Cleanlab is automating data curation at scale 🌐

Plus: Chief Scientist Jonas on data curation, multi-modal and CleanLab Studio...

Published 03 May 2024

CV Deep Dive

Today, we’re talking with Jonas Mueller, Co-Founder and Chief Scientist of Cleanlab.

Cleanlab’s data curation platform helps AI/ML engineers and data scientists seamlessly improve the quality of any dataset. Pioneered out of MIT as an open-source project in 2018 by Jonas and his co-founders Curtis Northcutt (CEO) and Anish Athalye (CTO), the startup has built the world’s most popular Data-Centric AI software. Their mission: to enable reliable AI & Analytics by tackling “garbage in, garbage out” at enterprise-scale. Their secret: a novel AI system that automatically finds and fixes common dataset issues.

The startup’s flagship product, Cleanlab Studio, automates critical data curation, data annotation, and data quality work that today’s top AI companies (Google, OpenAI, Tesla, …) are doing with massive manual labor investments.
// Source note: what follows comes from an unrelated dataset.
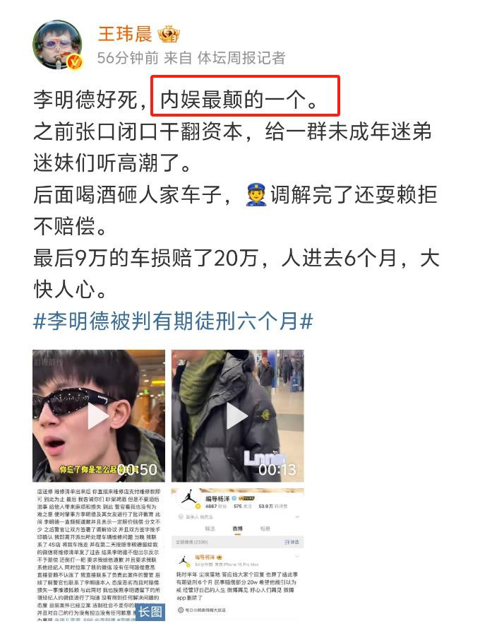 拥有百万粉丝的知名体育记者王玮晨吐槽称,李明德真是娱乐圈最癫的一个,想干翻资本,把自己给干翻了。

Using Cleanlab Studio, teams across all industries (who cannot afford such investment) can still deploy similarly successful AI applications.

Cleanlab can be used for any image, text, or structured/tabular dataset (via a no-code interface or Python APIs), and is being adopted by Tech Consultants, Data Analysts, and emerging ‘AI Engineers’ - roles responsible for turning data into business value without formal education in Machine Learning.

Today, Cleanlab has hundreds of companies using its software, including some of the biggest tech companies in the world. In October 2023, the startup announced a $25 million Series A funding round led by Menlo Venture and TQ Ventures, with existing investor Bain Capital Ventures (BCV) and new investor Databricks also participating.

In this conversation, Jonas walks us through the founding premise of Cleanlab, why data curation is the most critical component of your AI stack, and how open-source has shaped Cleanlab’s fast rise..

Let’s dive in ⚡️

Read time: 8 mins


Our Chat with Jonas 💬

Jonas - welcome to Cerebral Valley! First off, give us a bit about your background and what led you to co-found Cleanlab.

Hey there! I'm Jonas, and I'm the Chief Scientist and co-founder at Cleanlab. I co-founded the company with my two good friends from grad-school, Anish and Curtis. We did our PhDs in Machine Learning at MIT and have known each other for 10 years.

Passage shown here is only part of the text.